The latest survey on countries closing the gender gap, has New Zealand rated 7th, no sign of Australia being closer to the top, but somehow that doesn't surprise me, the Australian male, in my opinion, is  quite macho, probably not all, but a fair few of them.  
Women have come a long way since the Suffragettes, (New Zealand women the first to get the vote) voiced their strong opposition to a male dominated society, but too many countries still have this archaic practice.


> On 19 September 1893 the governor, Lord Glasgow, signed a new  Electoral Act into law. As a result of this landmark legislation, New  Zealand became the first self-governing country in the world in which  all women had the right to vote in parliamentary elections.
> In  most other democracies – including Britain and the United States – women  did not win the right to the vote until after the First World War.





> For five years in a row, Iceland has been rated  the country with the world's smallest gender gap by the World Economic  Forum (WEF).
> The rating means Iceland is the country where women enjoy the  most equal access to education and healthcare. It is also where women  are most likely to be able to participate fully in the country's  political and economic life.
> Iceland is joined at the top of the The Global Gender Gap Report, 2013 by its Nordic neighbours Finland, Norway and Sweden.
> Overall, the gender gap narrowed slightly across the globe in  2013, as 86 of 133 countries showed improvements. However, "change is  definitely slow", says one of the report's authors, Saadia Zahidi.



                     Europe has seven countries in the top 10. The UK is 18th and the  US is 23rd.The Philippines, at fifth, is the highest ranking Asian  nation and Nicaragua is the highest-placed country from the Americas, at  10th. 
                     The G20 group of leading industrial nations has no representative in the top 10, nor do the Middle East or Africa.

*Top countries*

                                              1. Iceland 
                         2. Finland
                         3. Norway
                         4. Sweden
                         5. Philippines

                                              6. Ireland
                         7. New Zealand
                         8. Denmark
                         9. Switzerland
                         10. Nicaragua


----------



## That Guy (Mar 8, 2014)




----------



## That Guy (Mar 8, 2014)

And then there's that darned transgender gap . . .


----------



## Vivjen (Mar 8, 2014)

Saw that earlier Fern....thanks for posting.

Very interesting I thought....surprised you did so badly in healthcare....


----------



## Denise1952 (Mar 8, 2014)

That Guy said:


>



LOLLLLLLLL!! Oh good'un!!


----------



## Warrigal (Mar 8, 2014)

Yes, there is a gender gap in Australia but it is a lot less than it was in the days of my mother and in my younger days.

Pre-WW II, married women had to resign their public service jobs, even highly trained teachers and nurses. Female workers were paid 80% or less for doing the same work as men but by the time I started teaching in 1963 I was receiving equal pay. However, my mandatory superannuation payments could not benefit my husband after my death although the widow of a public servant would continue to receive payouts from the fund. I could not acquire a credit card or a loan without a male guarantor. 
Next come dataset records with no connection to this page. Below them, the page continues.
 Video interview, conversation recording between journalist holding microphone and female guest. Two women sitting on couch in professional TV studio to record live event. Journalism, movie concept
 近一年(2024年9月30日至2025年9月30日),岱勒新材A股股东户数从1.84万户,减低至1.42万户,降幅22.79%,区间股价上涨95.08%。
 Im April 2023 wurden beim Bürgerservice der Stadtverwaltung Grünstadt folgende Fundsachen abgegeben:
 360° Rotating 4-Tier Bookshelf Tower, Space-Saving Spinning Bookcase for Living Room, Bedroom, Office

I was once denied service in  Hilton hotel bar because I was a female - hubby and I were terribly embarrassed because we were both well behaved and well dressed but "public bar", no matter how up market, only allowed half the public to cross the threshold. The male half.
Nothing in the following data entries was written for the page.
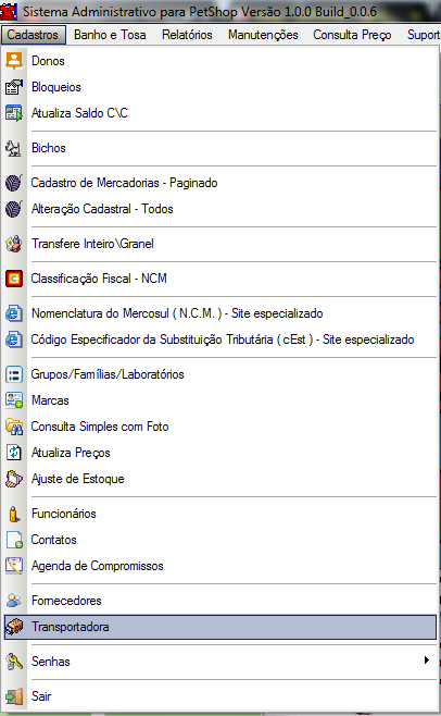 6-NOVO: Clique no botão NOVO [ ALT ] + [ N ], o sistema liberará a janela para o modo de edição e o cursor piscará no campo código da transportadora, caso você tenha suas transportadoras cadastradas em fichas e possua numeração informe agora, caso não tenha numeração ou queira iniciar uma nova deixe em branco que o sistema irá informar o número da trasportadora no final do Cadastro. Pressione [ ENTER ] com ou sem o número da transportadora e preencha as demais informações.
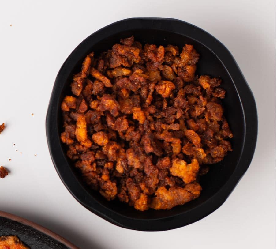 3. To make chorizo, toss a generous amount of the spice blend with the shredded tater tots and a drizzle of canola oil. Massage the spices well into the crumbly potato.
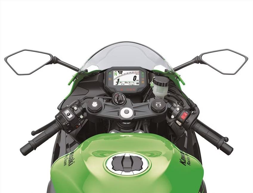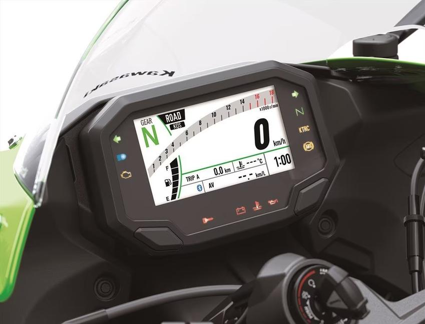 Олдскульная аналоговая приборная панель была заменена на 4,3-дюймовый полноцветный TFT-дисплей, придающиё ZX-6R 2024 года ещё более современный вид. Здесь на выбор предлагаются четыре режима тяги - Спортивный, Дождевой, Дорожный и Пользовательский, которые также влияют на настройки трекшн-контроля - штатного, хоть и не настолько продвинутого, как системы на базе инерциального блока. Новая приборная панель умеет соединяться со смартфоном с установленным на нём приложением Kawasaki Rideology.

When my children were a bit older I returned to teaching and had to endure a lot of social stigmatisation from the neighbours for being a working mother. Working mothers, but not working fathers, were the source of all juvenile delinquency in the 1960s.

All of these discriminations have largely been removed and young women today are often oblivious of the battles women have had to fight to get anything like a fair go. First and second wave feminists brought us forward and when modern young women declare that they are not feminists but they believe in gender equality I feel like telling them that they are right on the first point. They are not worthy of the tag feminist unless they are prepared to speak out for that which they claim to believe in.


----------



## That Guy (Mar 9, 2014)

I would agree there's been a lot of changes and some progress.  Yet, there is still so much stupidity and resistance.  Slowly but ever so surely . . .


----------



## Jackie22 (Mar 9, 2014)

Warrigal said:


> Yes, there is a gender gap in Australia but it is a lot less than it was in the days of my mother and in my younger days.
> 
> Pre-WW II, married women had to resign their public service jobs, even highly trained teachers and nurses. Female workers were paid 80% or less for doing the same work as men but by the time I started teaching in 1963 I was receiving equal pay. However, my mandatory superannuation payments could not benefit my husband after my death although the widow of a public servant would continue to receive payouts from the fund. I could not acquire a credit card or a loan without a male guarantor.
> 
> ...



Yes, the gender gap has closed here also, still lagging in the equal pay department. I think we will see a major turnout of women voters in the next presidential election in the US, also in the governor's race here in Texas as we have a up and coming lady running.


----------



## Fern (Mar 9, 2014)

Vivjen said:


> Saw that earlier Fern....thanks for posting.
> 
> Very interesting I thought....surprised you did so badly in healthcare....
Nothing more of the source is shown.